>>

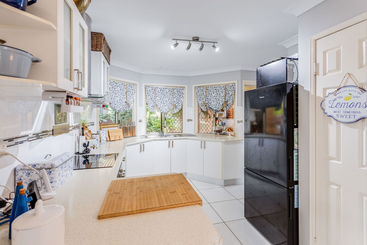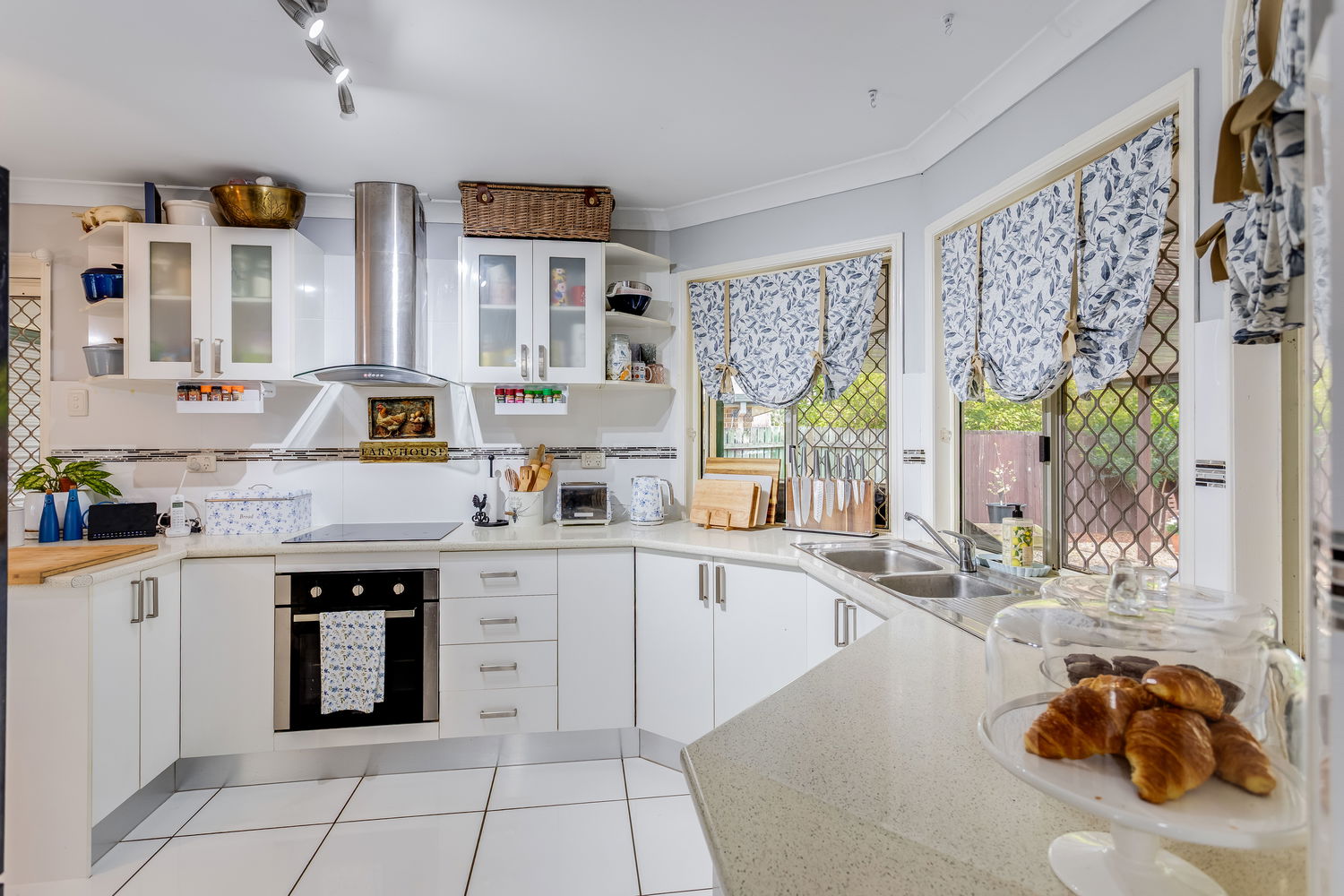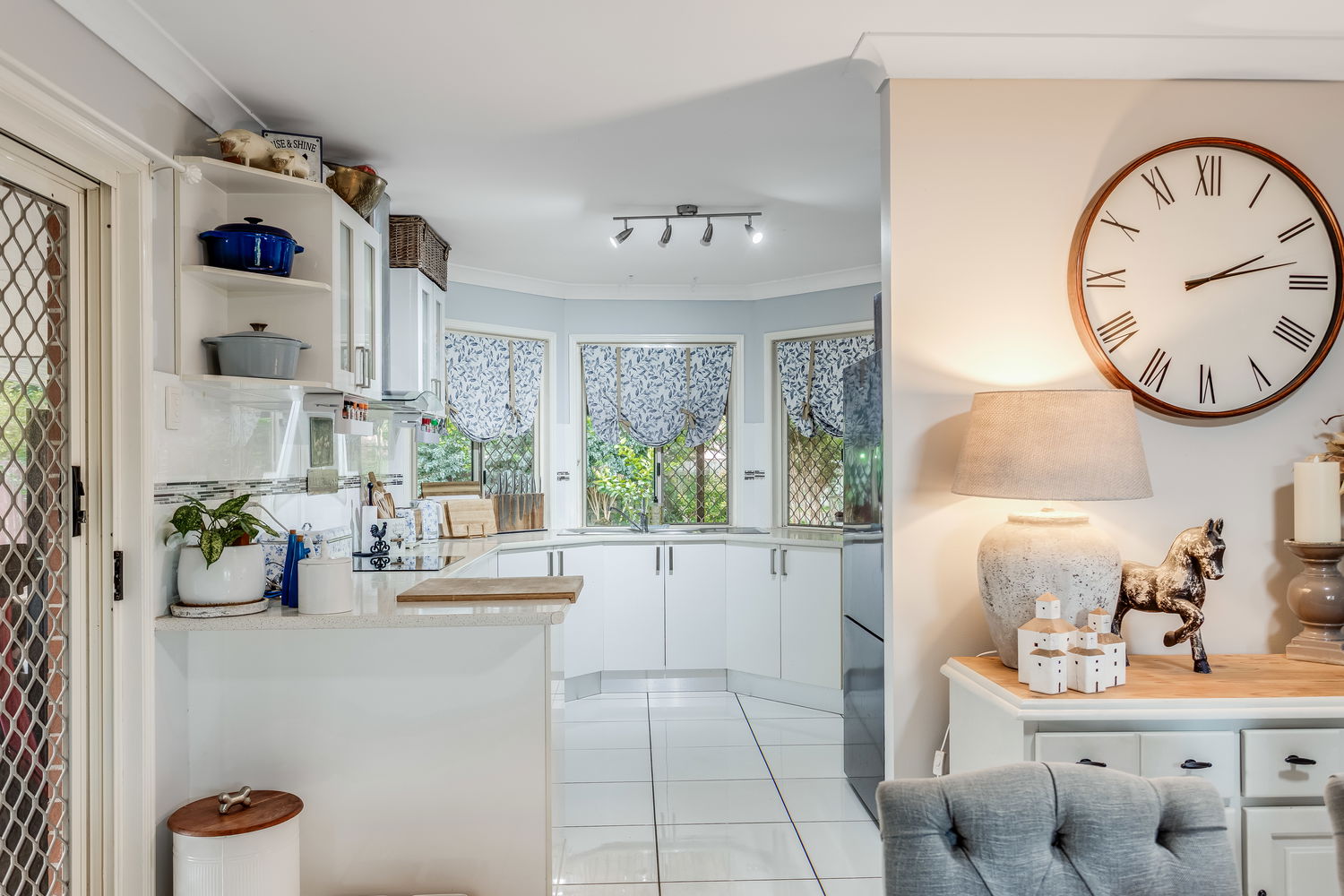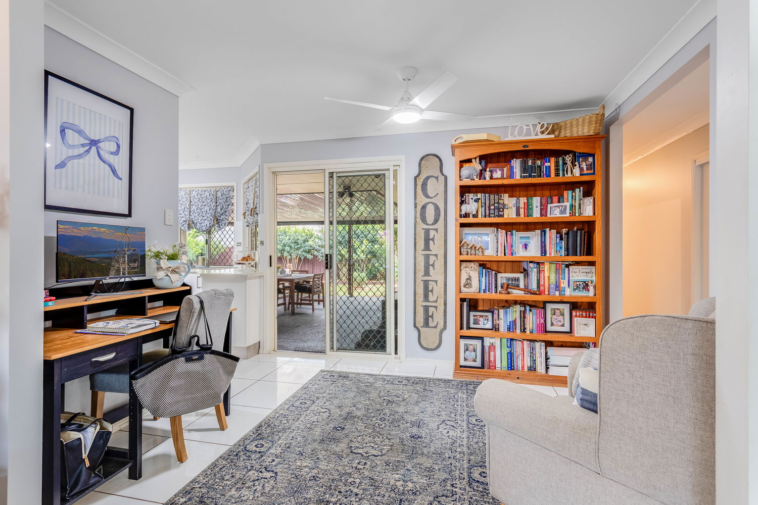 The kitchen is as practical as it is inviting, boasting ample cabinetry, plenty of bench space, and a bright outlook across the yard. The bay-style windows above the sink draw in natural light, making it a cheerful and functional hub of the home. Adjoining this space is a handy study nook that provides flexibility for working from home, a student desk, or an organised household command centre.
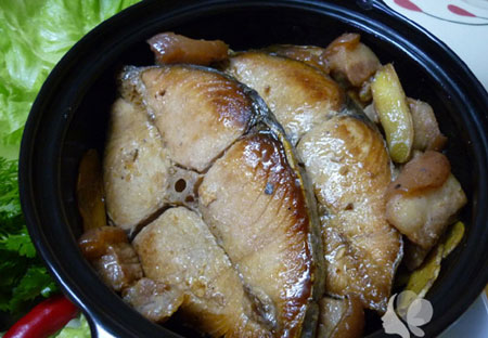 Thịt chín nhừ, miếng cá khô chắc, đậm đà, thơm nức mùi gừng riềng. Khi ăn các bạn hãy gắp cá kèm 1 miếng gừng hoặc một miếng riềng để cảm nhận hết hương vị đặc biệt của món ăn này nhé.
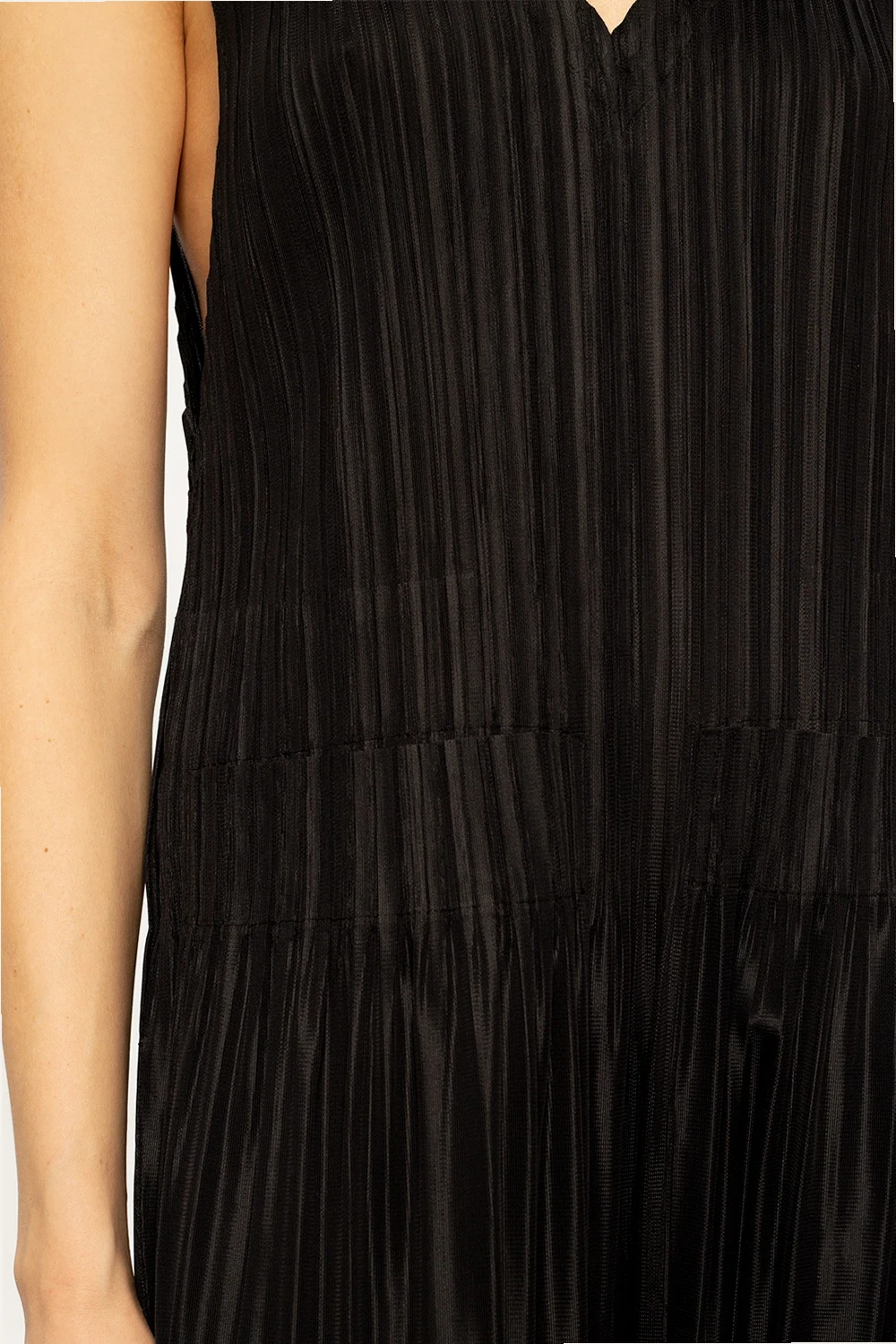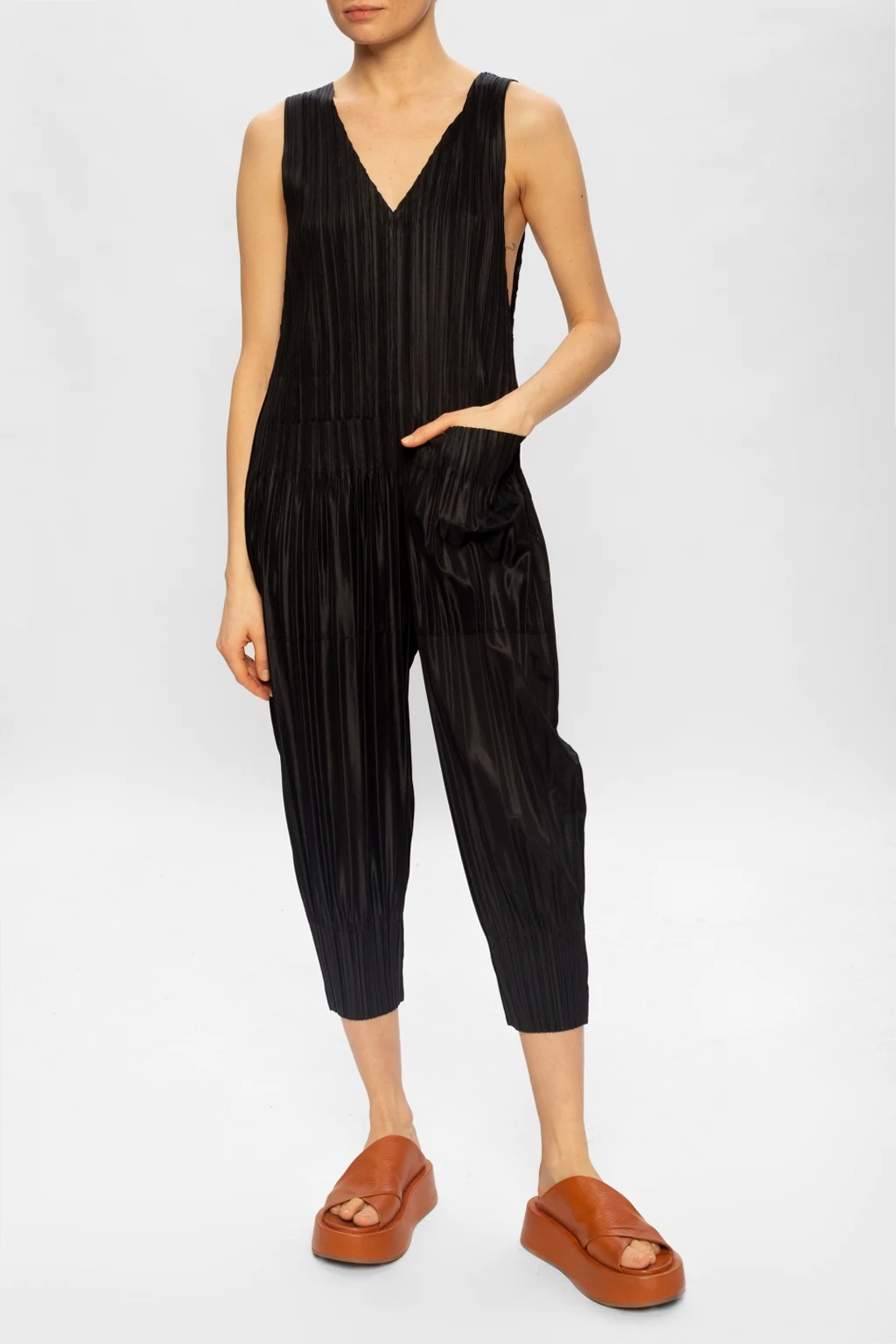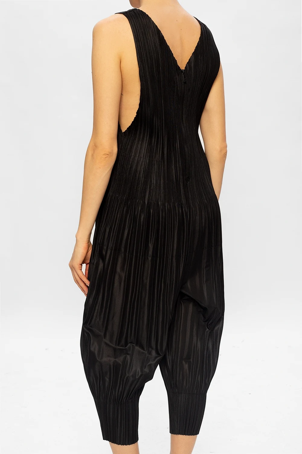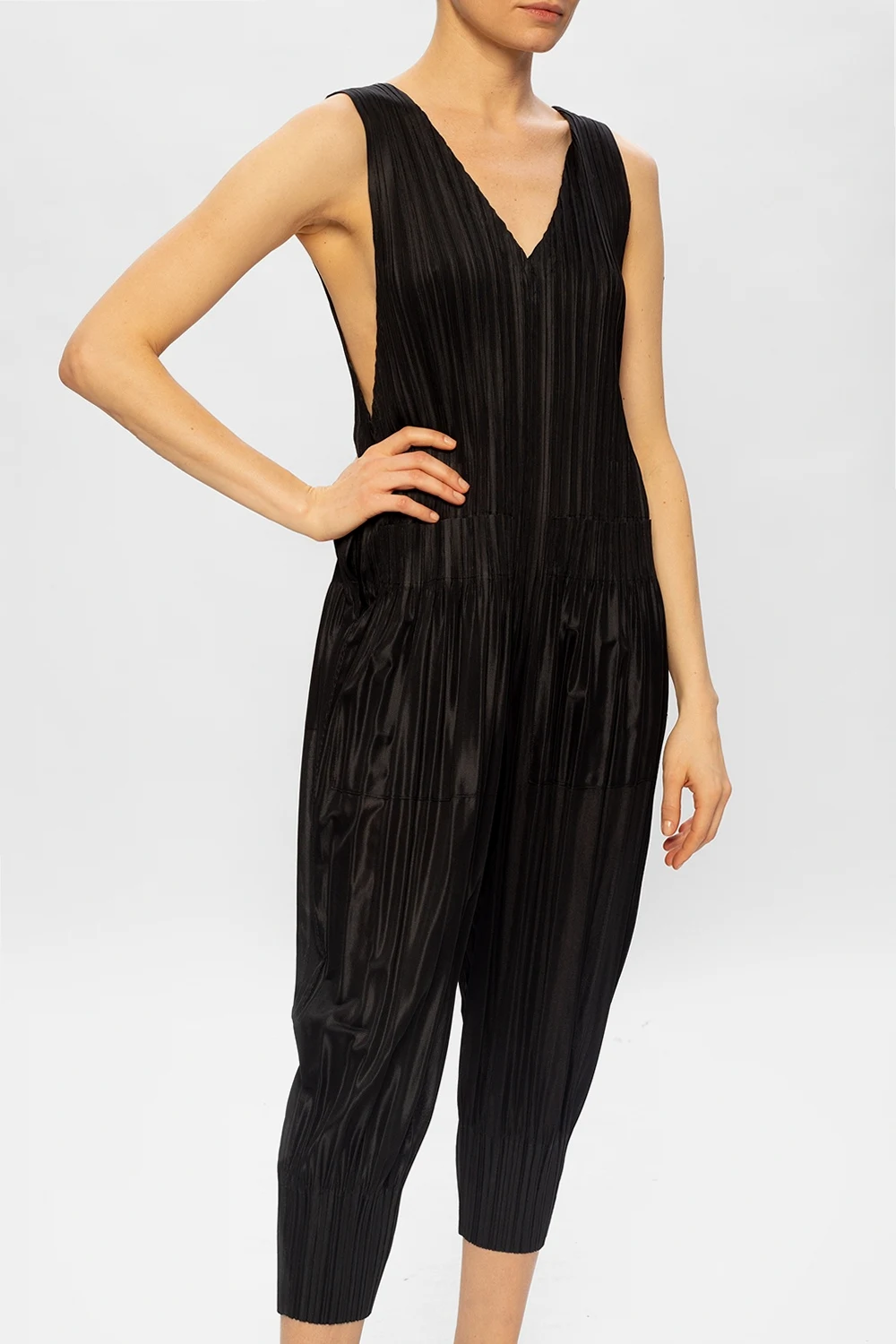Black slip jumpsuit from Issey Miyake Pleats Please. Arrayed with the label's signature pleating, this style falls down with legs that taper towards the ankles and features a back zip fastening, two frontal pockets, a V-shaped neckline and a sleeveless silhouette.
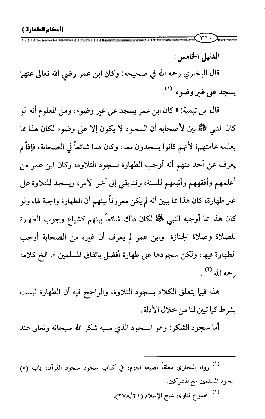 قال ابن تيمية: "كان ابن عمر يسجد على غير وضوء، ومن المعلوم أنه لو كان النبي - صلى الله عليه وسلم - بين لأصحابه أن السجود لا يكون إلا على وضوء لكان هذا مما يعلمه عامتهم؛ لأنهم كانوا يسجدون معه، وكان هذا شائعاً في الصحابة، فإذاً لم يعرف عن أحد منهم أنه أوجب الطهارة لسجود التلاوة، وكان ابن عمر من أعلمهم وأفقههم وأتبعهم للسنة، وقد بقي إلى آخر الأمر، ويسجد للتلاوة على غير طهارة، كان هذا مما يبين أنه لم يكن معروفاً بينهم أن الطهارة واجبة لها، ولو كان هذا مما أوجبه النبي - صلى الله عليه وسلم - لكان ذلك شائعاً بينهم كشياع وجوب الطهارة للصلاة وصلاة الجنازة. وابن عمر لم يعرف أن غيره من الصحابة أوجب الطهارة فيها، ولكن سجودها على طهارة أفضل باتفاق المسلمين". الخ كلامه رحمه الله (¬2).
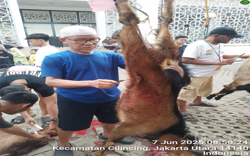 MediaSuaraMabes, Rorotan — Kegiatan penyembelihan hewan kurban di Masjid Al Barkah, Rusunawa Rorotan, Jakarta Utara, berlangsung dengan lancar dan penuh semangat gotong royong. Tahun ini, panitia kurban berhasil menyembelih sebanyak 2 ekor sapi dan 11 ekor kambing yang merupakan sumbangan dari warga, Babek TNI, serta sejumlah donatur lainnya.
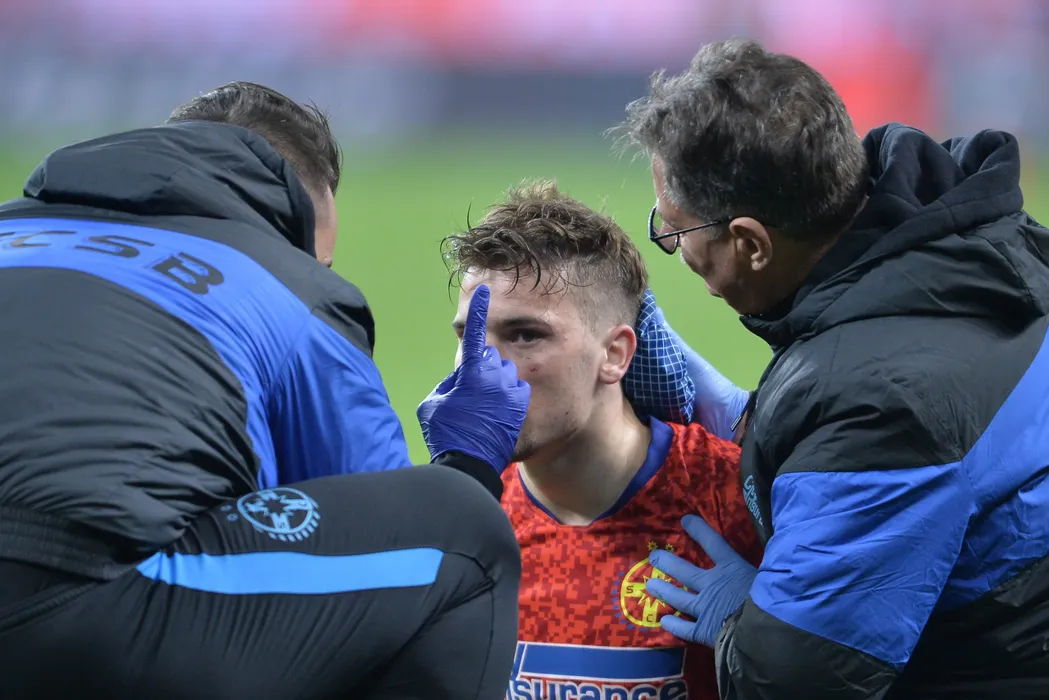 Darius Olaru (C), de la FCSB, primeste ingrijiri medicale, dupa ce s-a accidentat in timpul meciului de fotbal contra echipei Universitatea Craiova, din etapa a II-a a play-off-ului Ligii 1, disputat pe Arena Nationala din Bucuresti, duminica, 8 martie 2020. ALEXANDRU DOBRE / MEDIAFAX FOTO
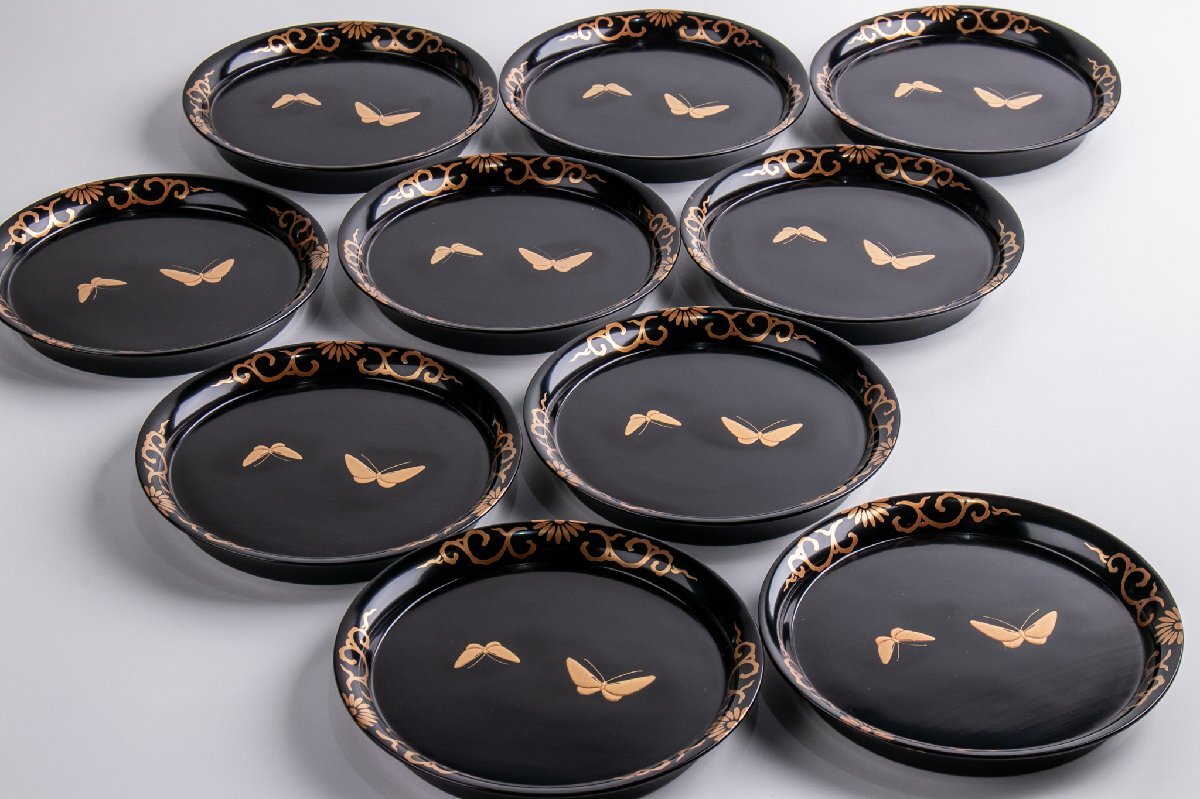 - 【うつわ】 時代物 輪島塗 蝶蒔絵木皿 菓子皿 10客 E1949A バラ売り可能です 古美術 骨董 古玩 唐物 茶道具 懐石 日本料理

<<

▸ YOUR GOAL:
Print the listing word for word but skip its pictures.

▸ EXPECTED ANSWER:
 The kitchen is as practical as it is inviting, boasting ample cabinetry, plenty of bench space, and a bright outlook across the yard. The bay-style windows above the sink draw in natural light, making it a cheerful and functional hub of the home. Adjoining this space is a handy study nook that provides flexibility for working from home, a student desk, or an organised household command centre.
 Thịt chín nhừ, miếng cá khô chắc, đậm đà, thơm nức mùi gừng riềng. Khi ăn các bạn hãy gắp cá kèm 1 miếng gừng hoặc một miếng riềng để cảm nhận hết hương vị đặc biệt của món ăn này nhé.
Black slip jumpsuit from Issey Miyake Pleats Please. Arrayed with the label's signature pleating, this style falls down with legs that taper towards the ankles and features a back zip fastening, two frontal pockets, a V-shaped neckline and a sleeveless silhouette.
 قال ابن تيمية: "كان ابن عمر يسجد على غير وضوء، ومن المعلوم أنه لو كان النبي - صلى الله عليه وسلم - بين لأصحابه أن السجود لا يكون إلا على وضوء لكان هذا مما يعلمه عامتهم؛ لأنهم كانوا يسجدون معه، وكان هذا شائعاً في الصحابة، فإذاً لم يعرف عن أحد منهم أنه أوجب الطهارة لسجود التلاوة، وكان ابن عمر من أعلمهم وأفقههم وأتبعهم للسنة، وقد بقي إلى آخر الأمر، ويسجد للتلاوة على غير طهارة، كان هذا مما يبين أنه لم يكن معروفاً بينهم أن الطهارة واجبة لها، ولو كان هذا مما أوجبه النبي - صلى الله عليه وسلم - لكان ذلك شائعاً بينهم كشياع وجوب الطهارة للصلاة وصلاة الجنازة. وابن عمر لم يعرف أن غيره من الصحابة أوجب الطهارة فيها، ولكن سجودها على طهارة أفضل باتفاق المسلمين". الخ كلامه رحمه الله (¬2).
 MediaSuaraMabes, Rorotan — Kegiatan penyembelihan hewan kurban di Masjid Al Barkah, Rusunawa Rorotan, Jakarta Utara, berlangsung dengan lancar dan penuh semangat gotong royong. Tahun ini, panitia kurban berhasil menyembelih sebanyak 2 ekor sapi dan 11 ekor kambing yang merupakan sumbangan dari warga, Babek TNI, serta sejumlah donatur lainnya.
 Darius Olaru (C), de la FCSB, primeste ingrijiri medicale, dupa ce s-a accidentat in timpul meciului de fotbal contra echipei Universitatea Craiova, din etapa a II-a a play-off-ului Ligii 1, disputat pe Arena Nationala din Bucuresti, duminica, 8 martie 2020. ALEXANDRU DOBRE / MEDIAFAX FOTO
 - 【うつわ】 時代物 輪島塗 蝶蒔絵木皿 菓子皿 10客 E1949A バラ売り可能です 古美術 骨董 古玩 唐物 茶道具 懐石 日本料理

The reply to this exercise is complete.